Он закрыл глаза, и на него словно бы повеяло теплым забытым запахом. Он даже несколько раз вдохнул воздух. Это было излишне, так как ничего говорить он не собирался.
Весь окружающий мир уплыл в сторону, он снова падал в темноту и слышал чей-то неумолимый голос:
— Ничего, руки, руки ему крути посильнее!
И другой, девичий голос:
— Пустите его... зачем вы его... пустите.
А потом смертельный ужас и холод во всем теле, холод страха... Шум прибоя и шелест волн заслонили все это, и он был чайкой, летящей к своему видневшемуся на горизонте острову, устало махая крыльями, хорошо понимая, что не долетит. Волны пытались дотянуться до него своими жуткими синими пальцами. Горизонт кренился и снова выравнивался, а он летел, зная, что перестанет это делать, только когда умрет, да и то кто его знает, потому что там, на берегу острова, виднелась тоненькая бронзовая фигурка и махала ему рукой. Невыразимая тоска вдруг охватила его, рванула навстречу... Тоска и любовь... Любовь? Да, он вдруг понял, что такое любовь, она проснулась в нем, зашевелилась и наполнила тело странно забытой сладостью, а еще волнами, сотрясавшими его...
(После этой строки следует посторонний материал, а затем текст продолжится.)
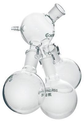 DISTILLING RECEIVER^ Replacement Components. Distribution Adapter, 24/40. Cow-type design having three receivers 45[degree] apart. Condensers with lower drip tip inner joints will protrude into the spherical section, permitting the distillate to fall directly into the receiving flasks.

Он открыл глаза и понял, что это все... Он больше не может, не способен жить здесь, и наплевать ему на этот город, на этот мир и даже на всю цепь миров... Эрик вдруг понял, что не уйдет из этого города, потому что где-то здесь скрыта возможность вернуться обратно в тот мир, в котором он умер, и попробовать все сначала. Собственно, какой смысл идти куда-то, ведь все города мира похожи друг на друга, как близнецы, и точно так же окружены бесконечными песками?
Нет, он отсюда не уйдет. Не нужно ему Вингальва, где, говорят, все точно так, как описывается в Библии, — царство Божье... Нет, он должен вернуться.
Вот только как это сделать?
Кто-то тряс его за плечо, и, открыв глаза, Эрик увидел, что это крысиный король.
— Эй, ты что? Очнись!
— Нет, — сказал Эрик, пытаясь стряхнуть остатки овладевшего им дурмана. — Плевал я на холод и одновременно на жару, на эти пески и на этот второй мир.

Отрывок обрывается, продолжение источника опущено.